Each social media platform plays by its own rules. There are only so many characters you can tweet, Pinterest is all about photos, the Facebook algorithm will choose who sees your posts if you don’t promote them and YouTube requires investment in video. These can be challenges or opportunities to find creative ways to achieve your goals.
Twitter: Don’t let limited characters limit your imagination. Remember: You can always include a link to more robust information, as long as it’s relevant to what initially captured the supporter’s attention. Say you tweet about your Thanksgiving meals campaign — the linked page should reinforce the message and have a Twitter feed built in showing others engaging as well as a scoreboard showing how much has been raised.

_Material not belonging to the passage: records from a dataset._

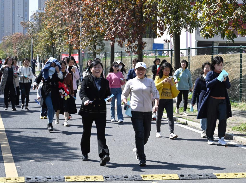 党委副书记何旭娟为参与慢步跑的女教职工鸣响第一枪。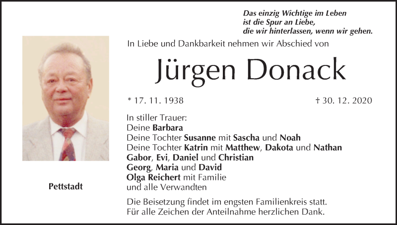 Hier finden Sie alle Traueranzeigen aus der Zeitung, die bisher für Jürgen Donack erschienen sind. Weitere Traueranzeigen, die in der Zeitung erscheinen, werden hier ebenfalls aufgelistet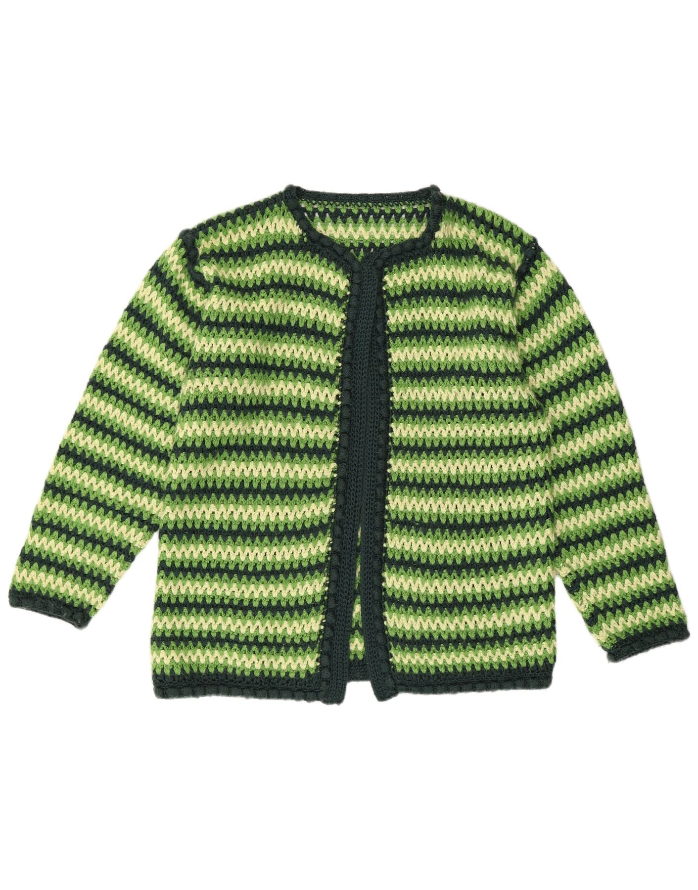 VINTAGE Γυναικείο πουλόβερ ζακέτα με βελονάκι UK 16 μεγάλο πράσινο ριγέ

Facebook: Adapt your best practices. The frequency with which Facebook changes not only its layout but the “rules of the game” frustrates some folks. So arm yourself with information about what’s working. What are your most liked posts? What time of day works best? Use that info to your advantage. When possible, embed a donation form or other engagement mechanism on your Facebook page directly and be strategic about pointing folks to it.

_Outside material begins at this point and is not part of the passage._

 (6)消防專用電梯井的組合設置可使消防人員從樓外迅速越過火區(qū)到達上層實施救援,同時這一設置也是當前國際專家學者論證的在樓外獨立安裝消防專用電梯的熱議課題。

YouTube: Find ways to tap into emotion. There are some great guides out there on how to use YouTube annotations for fundraising. But what if you don’t have the resources to create videos? Look into crowd video creation sites like Videopixie.** Or ask your supporters/volunteers for help. Chances are, one of the thousands of amateur but professional-quality video makers/editors out there is on your file and would be happy to help. Nonprofessional video can be engaging, too; it’s all about tapping into emotion.
Pinterest: Keep your eyes open for opportunities. This medium is all about being visual. Do you have great campaign creative? Pin it! Does everyone on your file seem to react well to puppies? Pin a bunch of puppy photos and integrate the ask. Organizations are actively testing out what works on Pinterest.
Geolocation: Go where your donors are. Check-in networks life FourSquare can help leverage partnerships with sponsors. Check-in incentives abound, so talk to your sponsors about how this might work for you. For example, checking in and making a purchase over $50 could earn a discount coupon and a donation to your organization.
The social media universe is broad, and the ideas above are by no means comprehensive. The key to seeing real ROI is to plan, measure and evolve, while keeping in mind that as with other channels, the fundamental marketing truth is the same: relevant content is king. In the next post in this series, we’ll examine how content (and other proven practices) can be leveraged to list-build via social media.
*There are some cases where short and sweet does work in direct mail and online, such as follow up emails to an active campaign or simple direct mail packages to donors who already know you well. But these are based on the legwork organizations have already put in to establish the story and need.
**Thank you to the Social Media for Nonprofits conference for pointing us toward this resource.